I'm using a perl service monitoring script (written by a colleague that is no longer with the company) running on an old RHEL 5 box. If a service is down, it sends an email alert to the root user:

            # Email administrator
            if ($retval == 0 && $config{'MAX_EMAILS'} > 0) {
                $service_restarts{$service} = 0;
                system("echo \"This notification was generated because $service was down and has been successfully restarted.\"
 | /bin/mail -s \"Monitor: $service restarted ($date)\" root");
            }

In /etc/aliases I have:

root:            fooadmin@fooexample.blah

My question is -- what services need to be running in order for mail sent to root to get relayed to the external alias? If those services are down, will /usr/bin/mail queue?

3

mail is pretty dumb and usually just lobs the message off to a sendmail binary. Unfortunately there are multiple implementations of mail so you'd ideally need to inspect the docs or code to see what sort of error handling (if any) is done for the exact version in use.

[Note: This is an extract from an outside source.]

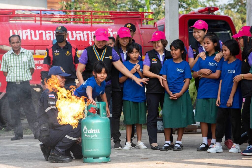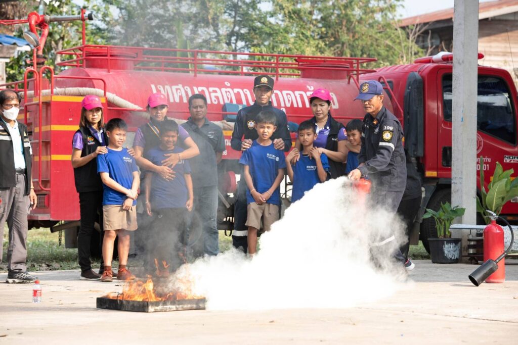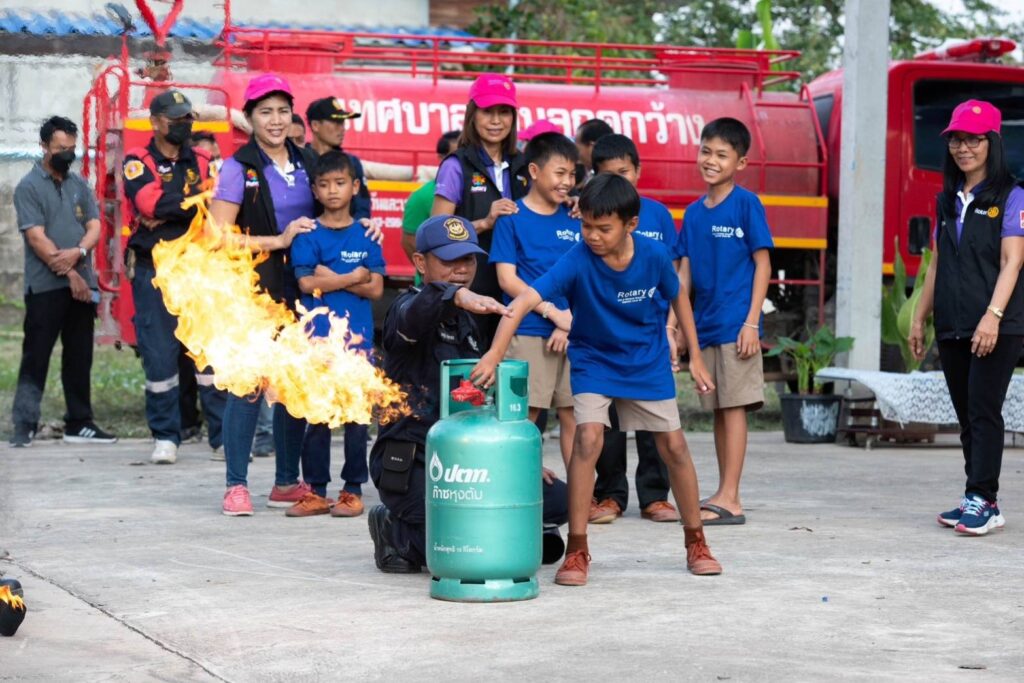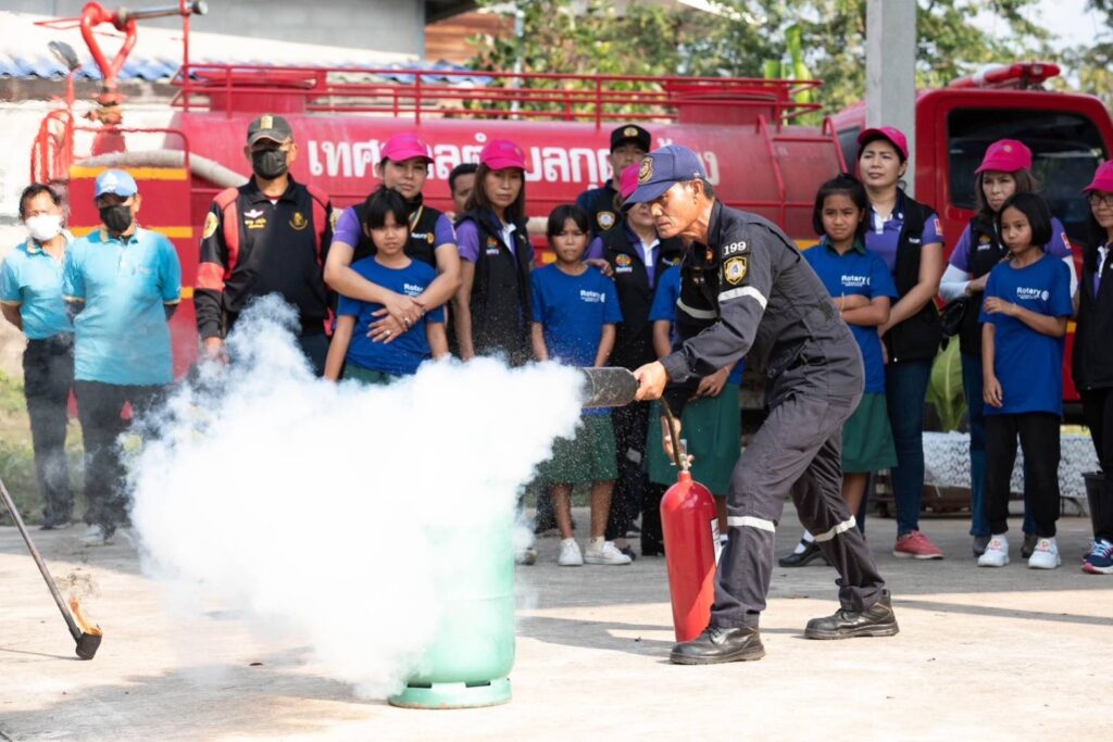 เมื่อวันพุธที่ 8 กุมภาพันธ์ 2566 เวลา 14.00 น.สโมสรโรตารีมิตรภาพขอนแก่น นำโดยนายกนันฐิยา สิริกาญธนานันท์ และท่านสมาชิกภาพ ร่วมกับเทศบาลกุดกว้าง อ.หนองเรือ โดยท่านนายกชัยวัฒน์ รัตนคำมูล ทีม ครูฝึก -วิทยากร จากฝ่ายป้องกันและบรรเทาสาธารณภัยเทศบาลนครขอนแก่น และท่านอนันตวิทย์ พุทธา ผู้อำนวยการโรงเรียน ได้ร่วมบูรณาการจัดอบรมหลักสูตร สอนน้อง ป้องกันอัคคีภัย ที่โรงเรียนบ้านขนวนนคร ต.กุดกว้าง อ.หนองเรือ จ.ขอนแก่น โดยถอดบทเรียนมาจากการเกิดไฟไหม้ในค่ายลูกเสือที่ อ.โนนสัง จ.หนองบัวลำภู ที่ผ่านมา โดยในการฝึกอบรมในครั้งนี้ ครูฝึกได้ให้ความรู้เบื้องต้นความเข้าใจเกี่ยวกับชนิดของไฟ วิธีการดับแต่ละชนิดและทุกขั้นตอนเกี่ยวกับสาเหตุ วิธีการป้องกัน และการแก้ปัญหาเฉพาะหน้าเมื่อเกิดไฟไหม้ขึ้น พร้อมทั้งให้เด็กๆได้ลงมือปฏิบัติการระงับเหตุเพลิงไหม้ เพื่อป้องกันไม่ให้เกิดรุกรามสร้างความเสียหายต่อทรัพย์สินและอันตรายต่อชีวิต
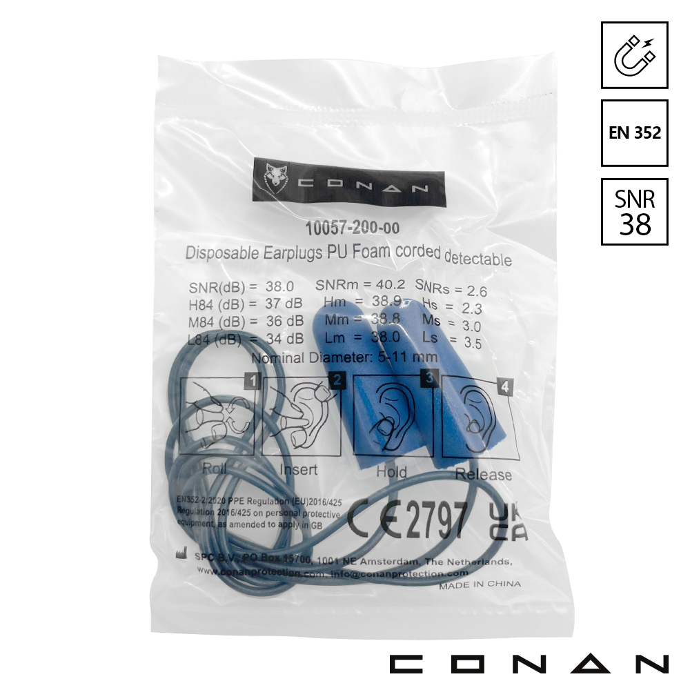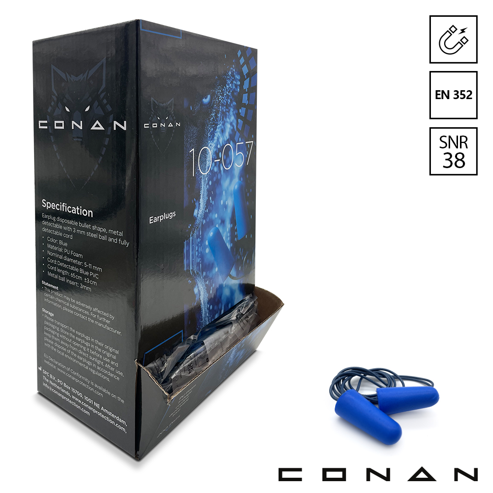 Conan 10-057 oordoppen metaal detecteerbaar met koord 38 dB

In addition to the mail service that sendmail is part of—Mail Transport Agents (MTA) which on RHEL5 would most likely be Sendmail or Postfix—you will likely also need DNS as the MTA will need to perform a DNS lookup on fooexample.blah to be able to send there. Possibly also a MTA queue runner if there's a temporary failure and the email ends up in a MTA queue directory somewhere (RHEL MTA include such queue runners by default). Oh, and a filesystem, if /var or whatever is full the MTA will probably not be able to queue additional mails and therefore will likely not accept the message from mail. (Especially if due to some other error the alert system fills up /var and then more alerts are created and then when it unbreaks you have to call the pager company because they disabled your pager because it got sent a bazillion alerts and oh I so do not miss those days.)

... and a working network, depending on how broadly you want to define service ... and also there are optional but commonly used anti-spam services; what happens when Gmail or Exchange are rejecting or discarding your alerts as spam?

Also do note the lack of error checking on that system call; mail (or a fork or exec call) could fail, and then what? Slightly more sensible may be to log such failures somewhere:

use Sys::Syslog;
openlog("homegrown-monitoring-101", "ndelay", "user");

system("echo ... root") == 0
  or syslog(LOG_ERR, "non-zero exit code from mail command");

And then ideally have something like sec.pl check for homegrown-monitoring-101 logs and report on them (via a grouped summary, not the usual cron spam of one email per log message...).

mail or the MTA may also leave dead.letter files somewhere (assuming it can write to where it wants to write those) which monitoring in theory could check for, but if there's a new dead.letter and your alerting is via email, you probably need some other protocol to report that error.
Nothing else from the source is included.